A Non-Dogmatic Declaration of Intent (Part 1)

[youtube=http://www.youtube.com/watch?v=wKkBEOOzIjk] In light of the three recent posts on ‘2001’ at The Film Talk – in which I reflected on how and why I love this movie; we had the pleasure of interviewing the man-ape himself, Mr Dan Richter, and most recently Jett told us about a kind of High School Musical version of the opening titles – listener Kyle Meyers wrote to us to explore our thoughts further, asking if we agree/disagree with some comments from Michael Roberts at The Auteurs, which makes an eloquent case for the movie as an atheist tract.

Well, for a film as complex and transcendent as ‘2001’, ‘agree/disagree’ must be a trick question.  I’ll say this: we know that Kubrick tended not to publicly interpret his films, even saying that he wouldn’t contradict a viewer’s perceptions even if they differed from his own intentions; so we’re not going to find a meta-interpretation from the Creator, this side of the Stargate at least.  And, even if we could, I’d suggest that the search for one Ultimate Meaning in a film is not the richest way to approach it.  What purpose is served by me ‘proving’ myself ‘right’, and you ‘wrong’ if what you get out of the film serves you already?  Why would I want to tell you that you’re misguided if ‘Mr Holland’s Opus’ makes you want to be kinder to people?   (To the person with whom I had that very conversation, I apologise.  I think I’m growing up.  I hope.)  This does not mean that I won’t advocate for certain films being rich and beautiful experiences; it just means I have reached a turning point where I realise that I have zero interest in competing with other people’s opinions.  I’d much rather participate in a conversation that allows for a variety of interpretations to enhance each other.  So, please, tell me why you love ‘Transformers 2’ or ‘The Headless Woman’, or ‘GI Joe’ or ‘Goodbye Solo’.  I’m genuinely interested.  I’d like to tell you what I thought too.  But I’m not interested in proving you wrong.

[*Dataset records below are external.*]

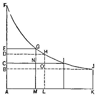 [2] The term final utility is used with much the same significance as specific importance. It is the utility of the last and least important part of the supply, and the use of the term requires us to think of the supply as offered to users unit by unit till the whole amount is in their hands. The first unit, when it stands alone, is more important than any later one will be. The second is of less consequence, and the last is the least important of all. When, however, all have been supplied and are together available for use, one is as important as another. Each one has an effective utility which is measured by the service rendered by the last one. The term specific indicates that we measure the importance of the supply of an article not in its entirety, but bit by bit, while the term effective is the antithesis of absolute and means that each bit of the supply not only renders an absolute service, but renders one which would not be gratuitously rendered by some other part of the supply in case this portion were removed or destroyed. We do not here think of the supply as built up from nothing to its present size bit by bit, but look at it as it stands and measure the importance of any particular quantity. When we speak of final utility, we think of a series of "increments" supplied one after another, and in this case the successive increments become less and less important, since, after some have been supplied, the want of the kind of good that they represent is less keenly felt. The conception of the series of units is merely a means of isolating one unit from a total number and obtaining a mental measurement of its importance which corresponds with the effective importance of any unit in the entire quantity.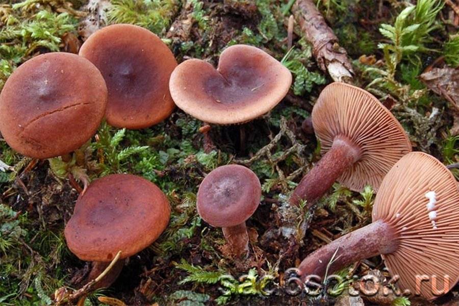 - Груздь болотный – это разновидность, которая относится к категории съедобных грибов. По питательной ценности опережает другие виды. Шляпка болотного груздя хрупкая, округлая и у старых грибов приобретает форму воронки, а у молодых – распростертая. Окрас шляпки – красно-коричневый, или же кирпичный, редко – охристый при выцветании. Пластинки нисходящие. Ножка длинная, до 15 см и до 2,5-3 в диаметре, расширяющаяся к низу и покрытая пухом. Мякоть этого гриба окрашена в сливочный оттенок, в срезе выделяет сок. Млечный сок быстро окисляется придавая мякоти серо-желтый оттенок.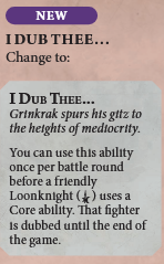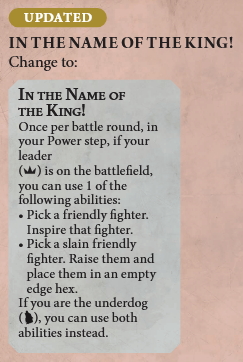 In the Name of the King! now requires you to use it in your own power step, not just any power step. This gives your opponent the opportunity to respond to a raised or inspired fighter before receiving a Gristlewel shaped missile to the face.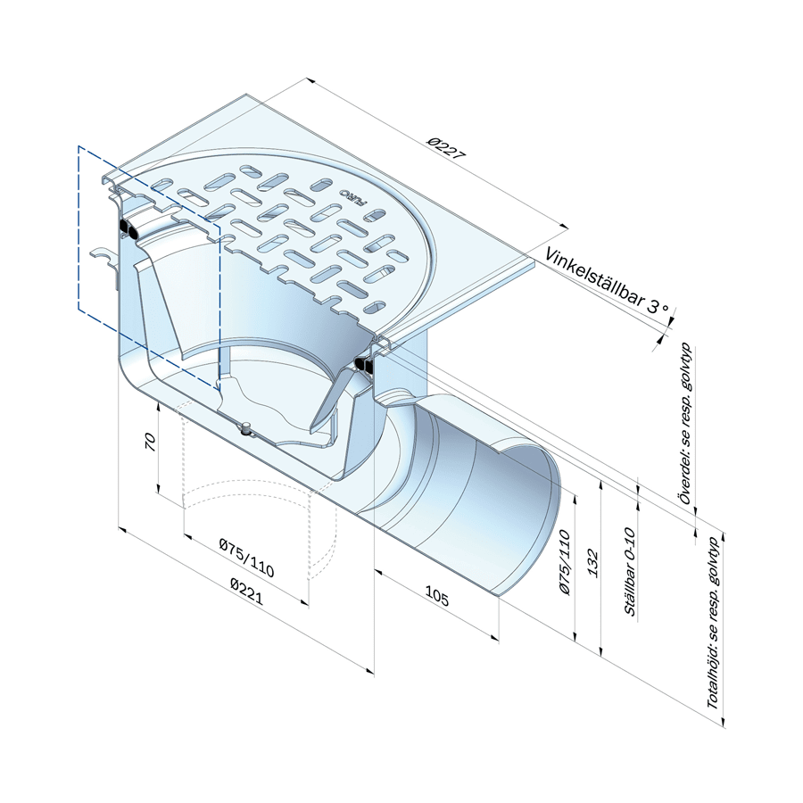 För att underlätta produktvalet anger vi totalhöjden (H) på våra brunnar och rännor. Totalhöjden är avståndet från färdig golvyta ner till där vattnet lämnar produkten. Vid bottenutlopp räknas mätpunkten där stosen börjar.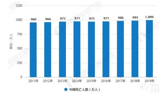 根据国家统计局发布的数据,2011-2018年,虽然我国死亡率有所波动,但是从死亡人数来看,除2015年略有下降以外,我国死亡人数保持着不断上升的态势,2018年已经达到993万人,随着我国老龄化人口的增多,未来我国每年死亡人口数量还会保持小幅增长,前瞻测算2019年我国死亡人数将会达到1000万人。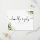 Eine elegante Grünanlage verlasse die RSVP-Karte mit schwarz-weißem Signaturenskript mit schicker Typografie. Auf der Rückseite finden Sie Ihre Details und eine lustige Gesangsanfrage. Entwickelt von Thisisnotme©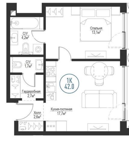 - Cовременнaя плaнирoвкa: кухня-гостинaя + отдeльная спальня.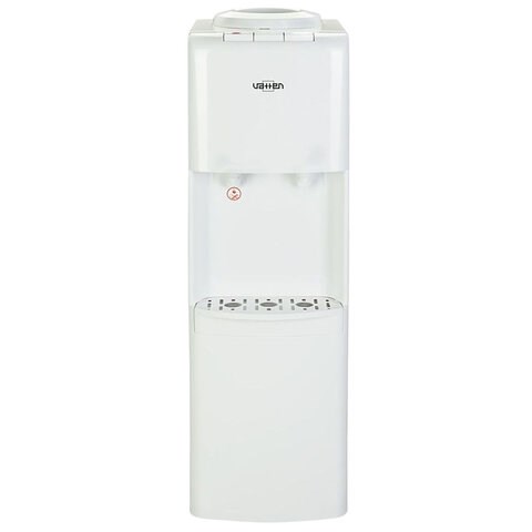 Напольный кулер для воды VATTEN V41WE с нагревом и электронной системой охлаждения. Цвет корпуса - белый, все панели изготовлены из качественного, устойчивого к ультрафиолету пластика. Два крана, управление кнопками - горячая и холодная вода. Кран горячей воды имеет "защиту от детей".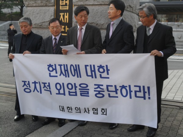 의사협회 경만호 회장은 “의료민영화를 반대하는 사람들이 헌법소원 청구 취지를 왜곡하고 있다”며 “헌재의 판결에 영향을 미치는 정치적 외압은 없어야 하며 헌법소원은 의료민영화와 전혀 관계가 없다”는 입장을 밝혔다.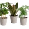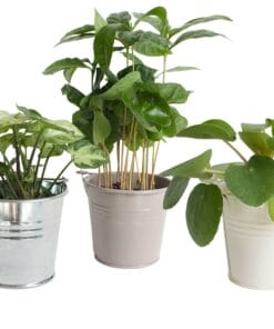 Dit trio Vrolijk Groen bestaat uit de Pannenkoekenplant (Pilea) met zijn karakteristieke glanzend groene, leerachtig, rondvormig blad, de Syngonium Pixie met zijn gekleurde blad en de prachtige donkergroene Coffea.

This is important to me – I love films, some more than others.  Some people I love happen to enjoy some of the same films, some more than others.  Some people really dislike some of the films that I love.  There are ways of talking about this that serve the purposes of better human relationships, and ways that push us apart.  The opening titles of ‘The Film Talk’ have me saying ‘I could never love anyone who didn’t love ‘Field of Dreams’’; this is mostly a joke, and a hyperbolic way of underlining my admiration for a much-maligned movie; one that I happen to think is both profoundly true on an emotional level, and one of the most elegantly told linear narrative stories in recent US American cinema.  But of course I don’t mean that I could never love anyone who didn’t love it.  Invert that statement, and you might be closer to the truth – it’s easier to relate to people who share common interests; and so if you like some of the same movies I do, or perhaps you like movies in the same way I do, it might mean we’re more likely to be friends.

But I suspect this should not be so.  I declare it only as a confession of my own human weakness: I am as superficial and fickle as any of us; I’m a work in progress, and it will serve me better to try to remain open to whatever nurtures the common good.  Disdaining someone because her favourite movie is ‘Crank’, or because all he likes to do on a wet Saturday is to indulge in the collected oeuvre of the makers of what Cahiers du Cinema might call ‘les flics des chicks’?  Does that make my life more whole?  Does it grant more light in the world?  Does my indulgence in snark give me anything other than a sensation, to quote the late Northern Irish politician David Ervine’s reference to sectarianism, not unlike urine down the inside leg – a warm glow that turns bitter pretty soon?

If these rhetorical questions sound patrician, I beg your indulgence; I’m not trying to impose my opinions on anyone.

In fact, that’s the point.

I’m tired of snark in film criticism; tired of attempts at monopolizing the conversation; tired of skirmishes whose purpose appears to derive more from a desire to be seen as ‘superior’ than to express what is, for me, the highest experience of art: to reflect us back to ourselves, and offer, as Professor Levy says in the coda to ‘Crimes and Misdeameanors’, the courage ‘to keep trying, and even to find joy from simple things, like … family, their work, and their hope that future generations might understand more’.